When you put together all the taxes Republicans want to cut with all the giveaways they want to protect, you get a reform impossible to accomplish. Indeed, we know that the numbers don’t add up because Mitt Romney proved that they don’t. During his 2012 presidential campaign, Romney put forward a tax plan that offered very specific tax cuts and extremely nebulous base-broadening. His inability to name a single deduction that he’d eliminate was widely panned. Analysts for the non-partisan Tax Policy Center concluded that “the basic power of arithmetic is overwhelming in showing that Governor Romney has so far overpromised on the tax side.” No matter. Romney simply refused to get specific because he couldn’t. Donald Trump, for his part, offered a tax plan during the campaign that didn’t even bother to promise revenue-neutrality—if enacted it would bust a $9.5 trillion hole in the federal budget over ten years. No wonder he hasn’t mentioned it since the election.
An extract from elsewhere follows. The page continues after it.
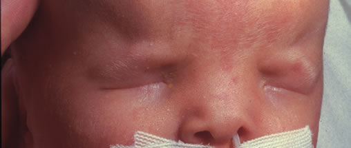 Ophthalmologic findings include hypertelorism, epicanthic folds, ptosis, strabismus, persistent hyperplastic primary vitreous, optic nerve coloboma, and optic nerve hypoplasia (Fig. 1).63,64,66–69 Glaucoma, prominent iris vessels, defective lacrimal apparatus, microphthalmia, retinoschisis, uveal and retinal coloboma, and retinal dysplasia have also been reported.67,69–73 Whether or not in utero exposure to phenytoin increases the likelihood of mental deficiency or learning disability remains unresolved.74,75 There may be an increased incidence of malignancies, especially of the neural crest, such as neuroblastoma.76 Trimethadione produces a pattern of malformation as shown in Table 2.77,78 Epicanthus and V-shaped eyebrows are frequent features (Fig. 2). Strabismus and myopia may be present.

What all of this means is this: Republicans don’t support tax reform, they support tax cuts. Those tax cuts will disproportionately benefit the wealthy. And when they are enacted without offsetting reductions in the loopholes that litter the tax code, they will also massively increase the deficit. Either Republicans will jam through a form of these unpopular cuts or they will be tripped up by the same tensions within their caucus that derailed the AHCA. But there will be no true tax reform in this Congress.